YOUR INSTRUCTIONS: Everything below from the line with "Q44. The given" through the line with "體育資訊12月8日訊 巴薩發" should be copied exactly, and nothing else; leave out the pictures.

DATASET CONTENT:
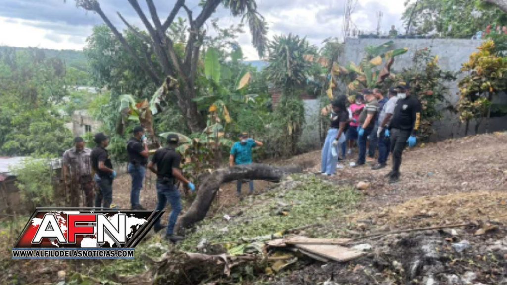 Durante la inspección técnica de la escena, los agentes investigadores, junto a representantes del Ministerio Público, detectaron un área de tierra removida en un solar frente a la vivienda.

...

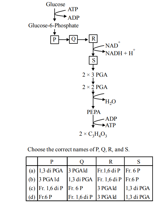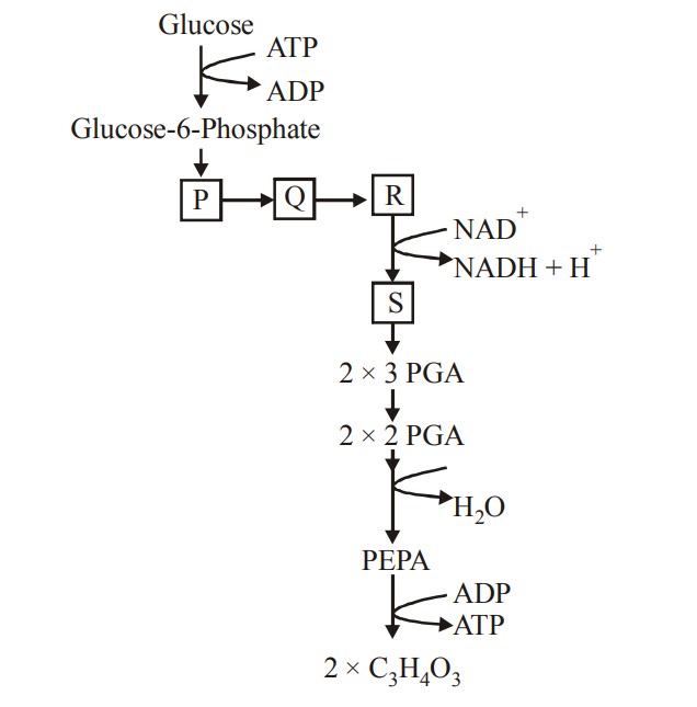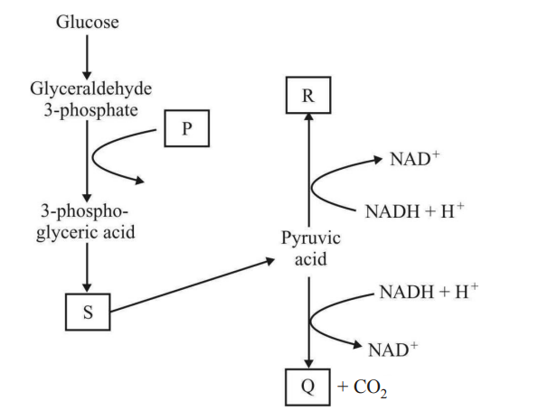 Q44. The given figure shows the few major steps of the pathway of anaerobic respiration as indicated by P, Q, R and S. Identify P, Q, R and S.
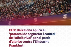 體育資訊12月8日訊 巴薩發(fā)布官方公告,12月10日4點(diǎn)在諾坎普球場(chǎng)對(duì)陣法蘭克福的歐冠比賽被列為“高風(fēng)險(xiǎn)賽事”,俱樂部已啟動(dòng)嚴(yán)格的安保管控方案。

==

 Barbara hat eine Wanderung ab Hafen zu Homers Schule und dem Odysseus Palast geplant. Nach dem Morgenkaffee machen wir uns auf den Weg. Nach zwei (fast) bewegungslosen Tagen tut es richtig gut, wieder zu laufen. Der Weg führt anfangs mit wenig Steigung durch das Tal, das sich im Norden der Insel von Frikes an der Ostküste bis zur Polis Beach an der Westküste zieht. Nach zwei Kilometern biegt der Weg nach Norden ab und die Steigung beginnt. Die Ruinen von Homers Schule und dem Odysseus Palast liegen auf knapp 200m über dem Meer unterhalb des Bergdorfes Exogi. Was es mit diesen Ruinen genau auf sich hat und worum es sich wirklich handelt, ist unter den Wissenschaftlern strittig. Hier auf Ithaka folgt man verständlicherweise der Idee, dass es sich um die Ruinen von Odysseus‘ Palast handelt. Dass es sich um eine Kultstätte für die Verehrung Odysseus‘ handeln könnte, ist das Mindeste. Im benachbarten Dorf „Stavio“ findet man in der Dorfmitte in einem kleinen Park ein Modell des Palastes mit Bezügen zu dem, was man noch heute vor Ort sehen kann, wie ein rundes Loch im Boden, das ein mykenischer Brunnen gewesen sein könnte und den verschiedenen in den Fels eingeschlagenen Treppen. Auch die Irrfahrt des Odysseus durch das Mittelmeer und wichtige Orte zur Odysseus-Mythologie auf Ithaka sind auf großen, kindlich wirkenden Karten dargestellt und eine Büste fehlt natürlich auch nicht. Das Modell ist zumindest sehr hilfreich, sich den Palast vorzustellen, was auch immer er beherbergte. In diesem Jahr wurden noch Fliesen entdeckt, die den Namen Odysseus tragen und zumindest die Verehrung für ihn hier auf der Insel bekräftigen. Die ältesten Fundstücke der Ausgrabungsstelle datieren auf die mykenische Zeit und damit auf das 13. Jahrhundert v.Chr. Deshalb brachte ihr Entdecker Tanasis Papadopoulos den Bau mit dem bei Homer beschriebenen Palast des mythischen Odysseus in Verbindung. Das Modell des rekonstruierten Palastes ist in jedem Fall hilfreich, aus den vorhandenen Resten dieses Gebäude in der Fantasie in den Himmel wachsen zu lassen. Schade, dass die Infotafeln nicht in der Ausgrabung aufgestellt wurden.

EXERCISE RESULT:
 Q44. The given figure shows the few major steps of the pathway of anaerobic respiration as indicated by P, Q, R and S. Identify P, Q, R and S.
 體育資訊12月8日訊 巴薩發(fā)布官方公告,12月10日4點(diǎn)在諾坎普球場(chǎng)對(duì)陣法蘭克福的歐冠比賽被列為“高風(fēng)險(xiǎn)賽事”,俱樂部已啟動(dòng)嚴(yán)格的安保管控方案。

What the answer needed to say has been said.